爪がはがれる! 「死」を意識する過酷なコース
──最初に走った時の感覚は?
これまで走っている自分しか知らなかったから、そうじゃない自分を見つけた時、すごい楽しかったです。今までは足を怪我して走れなくなったら、もうこの世の終わりと落ち込んでいましたけど、スパルタンをやってからは、足が痛くて走れないなら、重いものを持つトレーニングとか、ぶら下がるトレーニングができるって思えるようになって。メンタル的にも病まなくなりましたね。
──しんどくはなかったですか?
しんどいけど、しんどいことして生きてきたんで(笑)。中距離走をやっているときから、しんどいことが当たり前というか。「まあ、こんなもんだろうな」っていう感覚で。それより、足が速いだけじゃ勝てないっていうのがすごく面白いなと思いました。身体の使い方だったり、いかに楽に速く動けるかっていう、ちょっと武術にも通じる部分が問われているんですよね。
──海外レースの話も聞かせてください。アブダビの世界大会が特にきつかったと聞きました。
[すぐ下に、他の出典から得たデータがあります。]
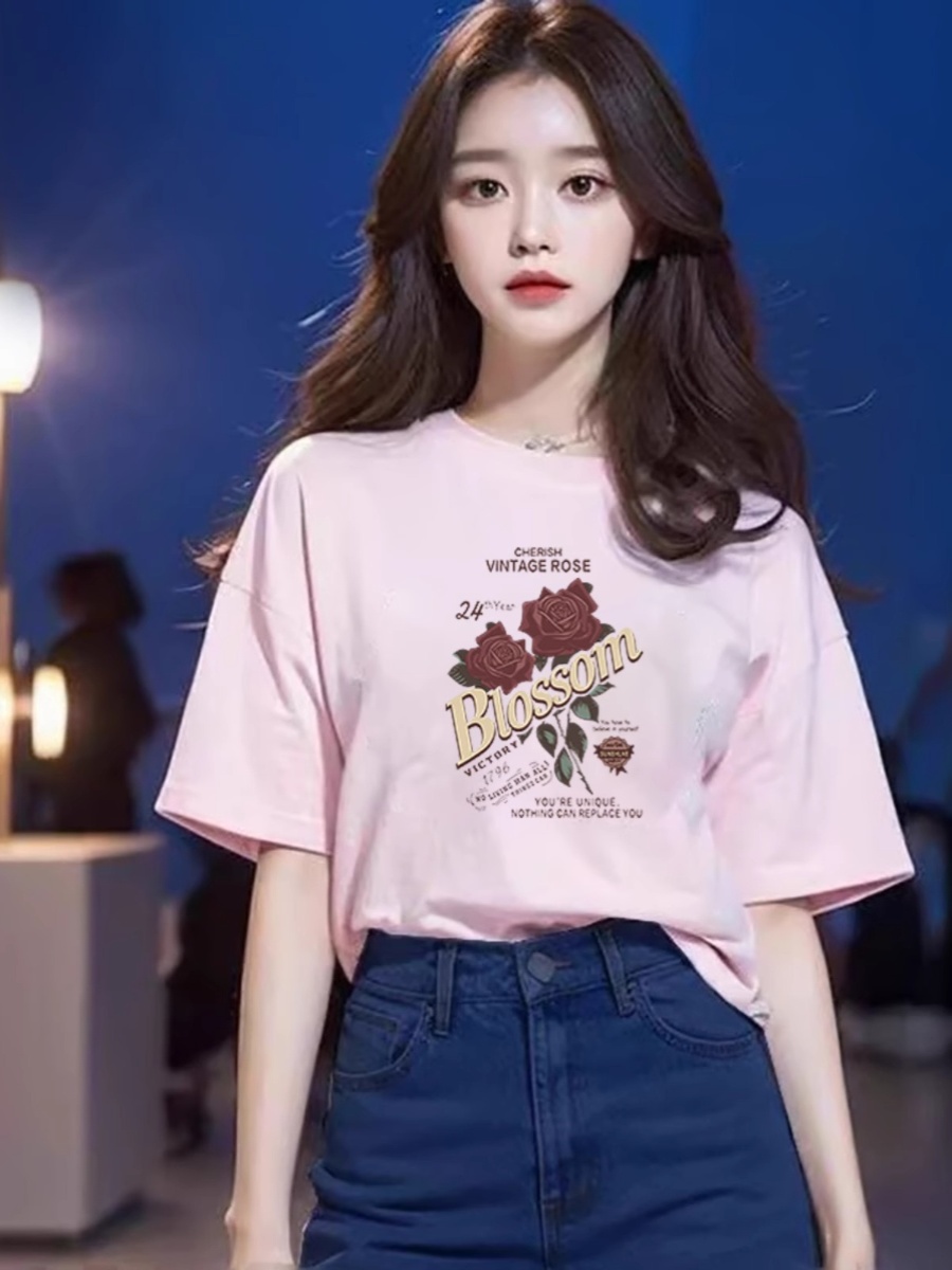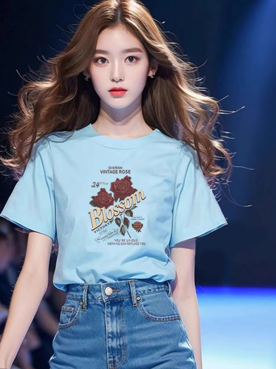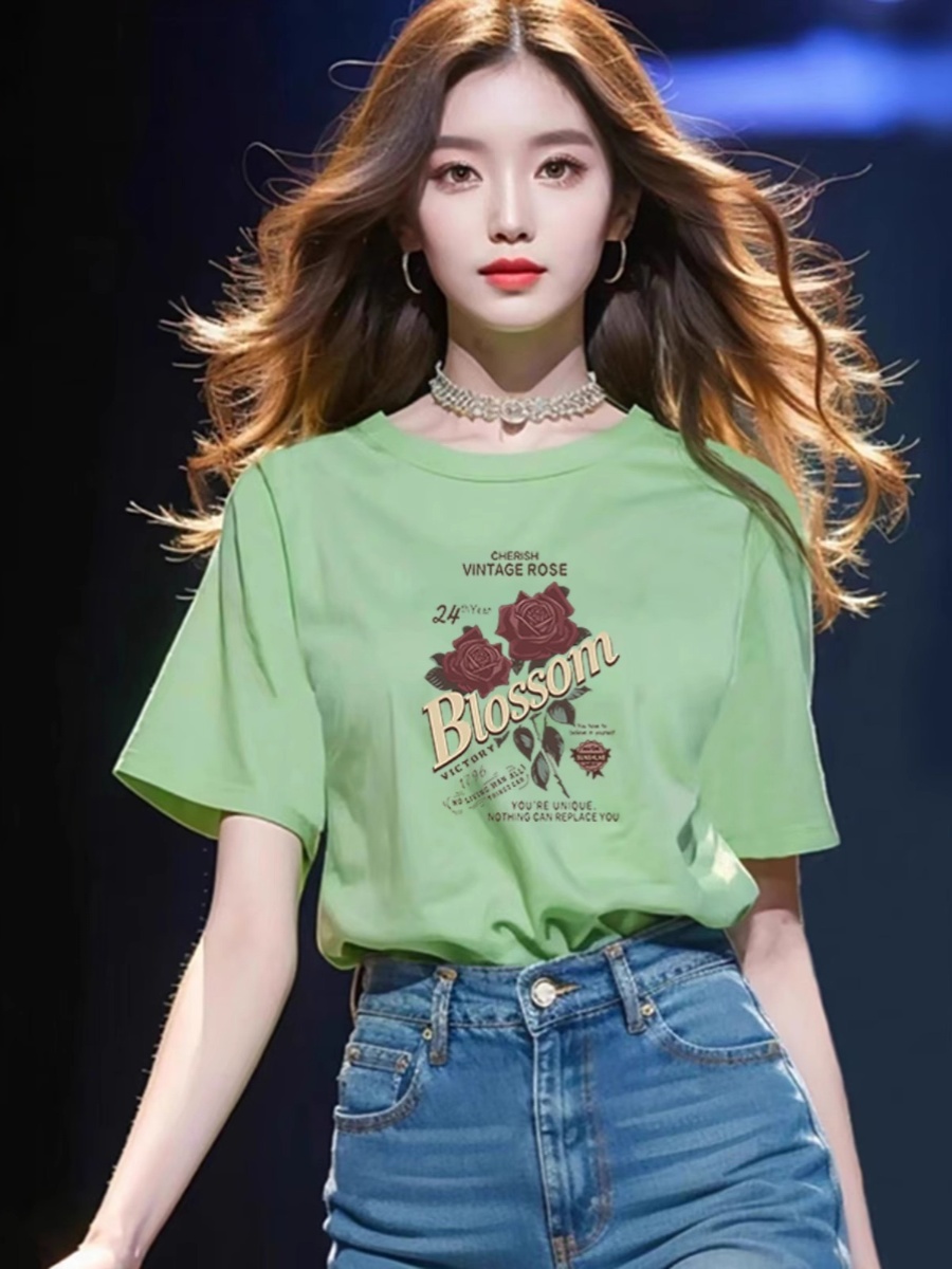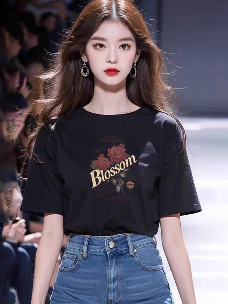 American Retro Rose Letter Print Short-Sleeve White T-shirt Female Summer New K-style Pure Cotton Niche Style round Neck Tops

あれはちょっと「死」を感じましたね。21kmのコースで、砂漠なのでそもそも全然走れない。しかも靴に砂が入って爪ははがれるし。スタートが暑さを避けた遅い時間帯なので、走っている途中で真っ暗になってくるんですよ。街灯も何もない砂漠を、ヘッドライト1つで進んでいく。高低差がすごくて、四つんばいで登らなきゃいけない場所もあって。「これ、帰れるかな」と恐怖を感じました。
──海外レース全般、過酷そうですね。
ハワイでは「この川、死んでるやろ」みたいな臭い川に胸の深さまで入らされたり、台湾では野犬に吠えられ、襲われそうになったりしたこともありましたね。ケガも多く傷口から感染症になったら最悪なので、破傷風のワクチンを事前に2回打って出ています。